I guess the main reason to use a hash was that the number of entries gets counted for me: I suspect iterating over an array to count the entries could easily cost all the time saved in assignment. Not sure what you mean by "the logic is glitchy", unless you're referring to the bug you describe later (which I contend is a simple logic error, and not related to the choice of container).

I agree bitstrings could be faster for seenzero (though a lot more fiddly, especially if I want a fast bit count) - I'm sure that's what I'd have chosen if writing this in C or assembler. For %seenmore it would probably make sense just to record $mod and $seen (the count) directly.

Similarly I agree that the recursion could be avoided. These are all micro-optimizations though, and the question was about a different algorithm - which I think you've given me, piece by piece, in your other posts, I just need to get around to putting together an implementation.

Talking about glitchy, consider [the] input 3, [0, 1, undef, undef, 0, undef]

Ooh yes, pretty sure that's a bug in the implementation of my OP: it should return false if any modular value shows up in both %seenzero and %seenmore. I've updated the OP with a simple but inefficient fix for that, thanks!

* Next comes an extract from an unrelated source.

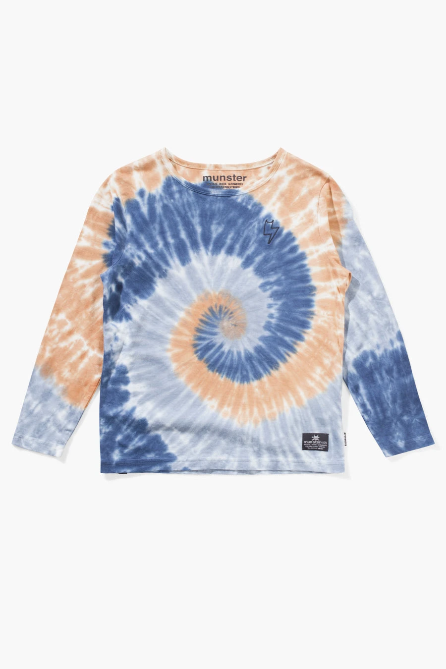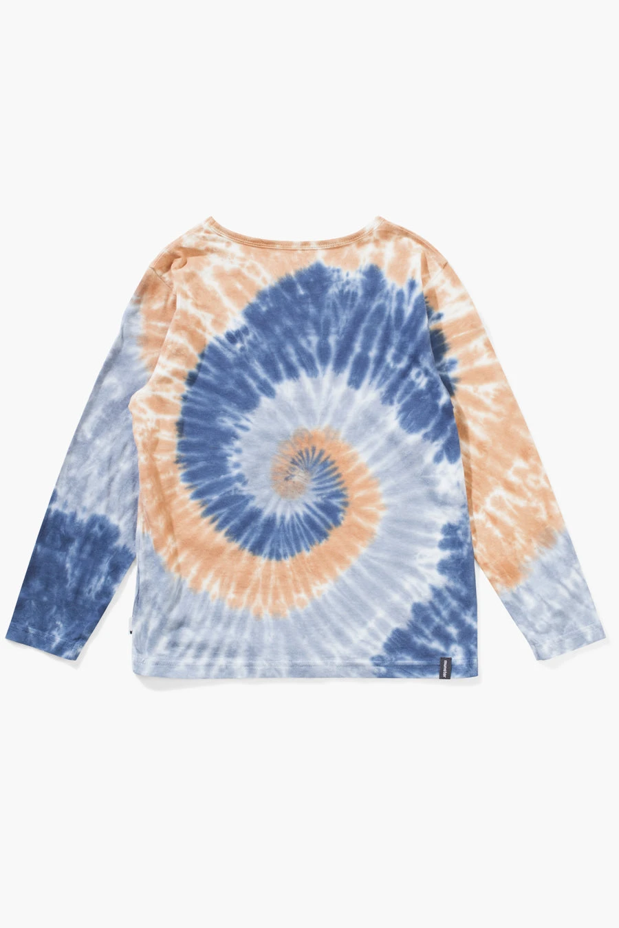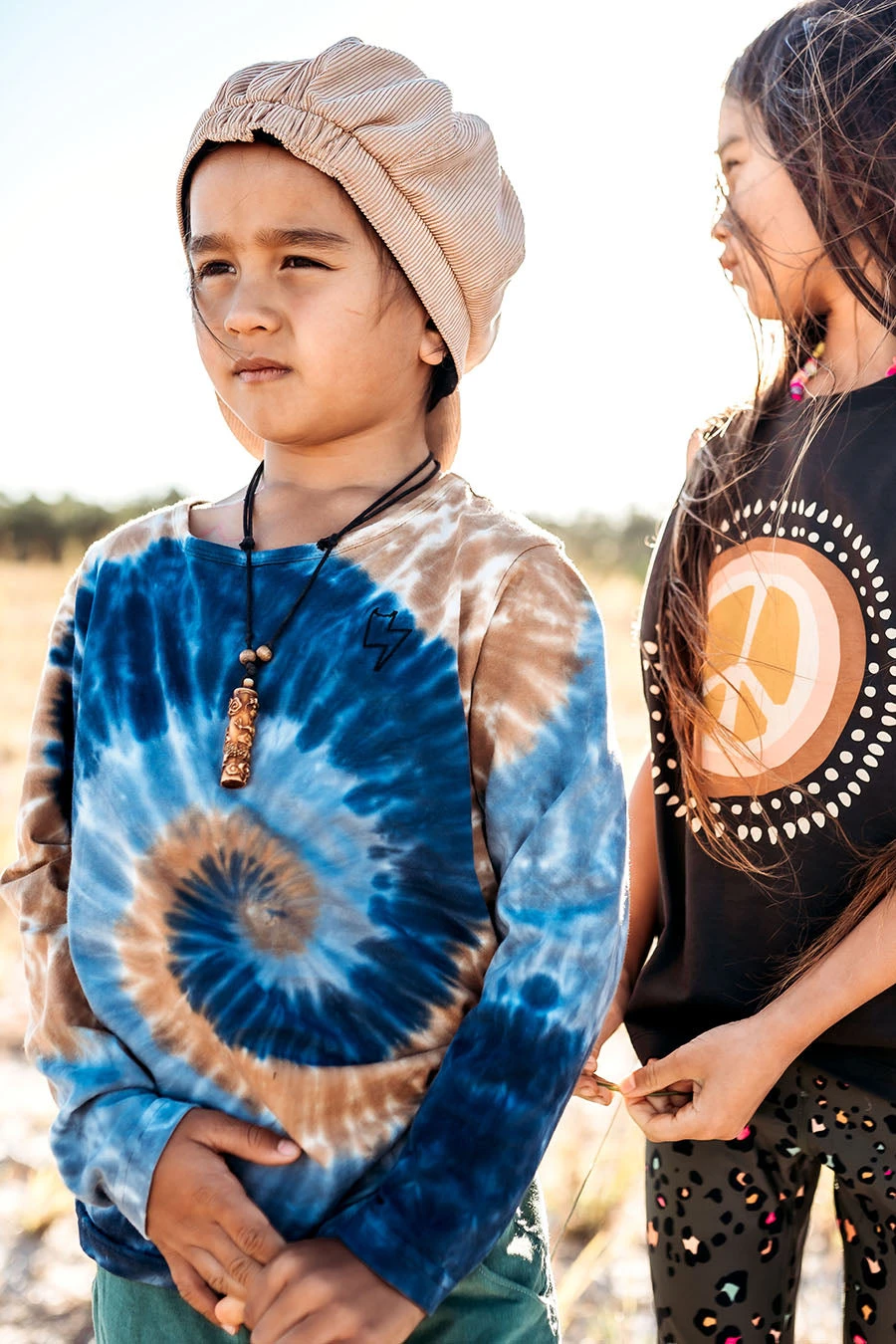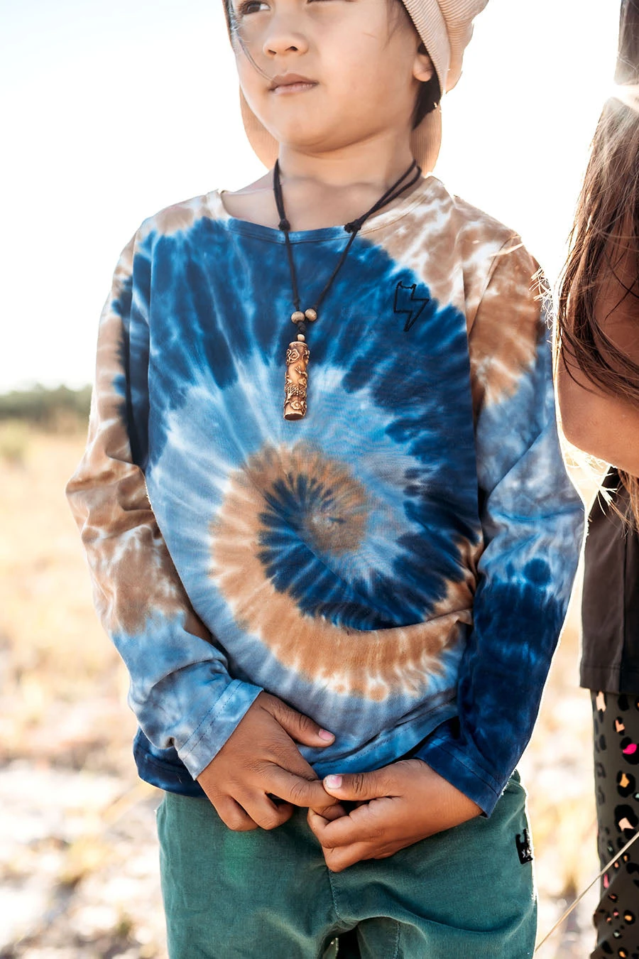 is a soft long sleeve kids shirt featuring a cheerful blue and tan tie dye design. 100% cotton, machine wash.

Anyway depending on the distribution of your input, it might be easier to search in a first pass for the first entry > 0 to calculate the "right" column. [...] in the pathological case that there is no entry >0 you'll need to find the column consisting of only "?"

My original algorithm copes well with that pathological case, by counting the number of distinct modular values seen for the zeroes. I don't see how you'd find the correct answer for, say, 3, [0, 0, 0] without counting, using anything like this algorithm.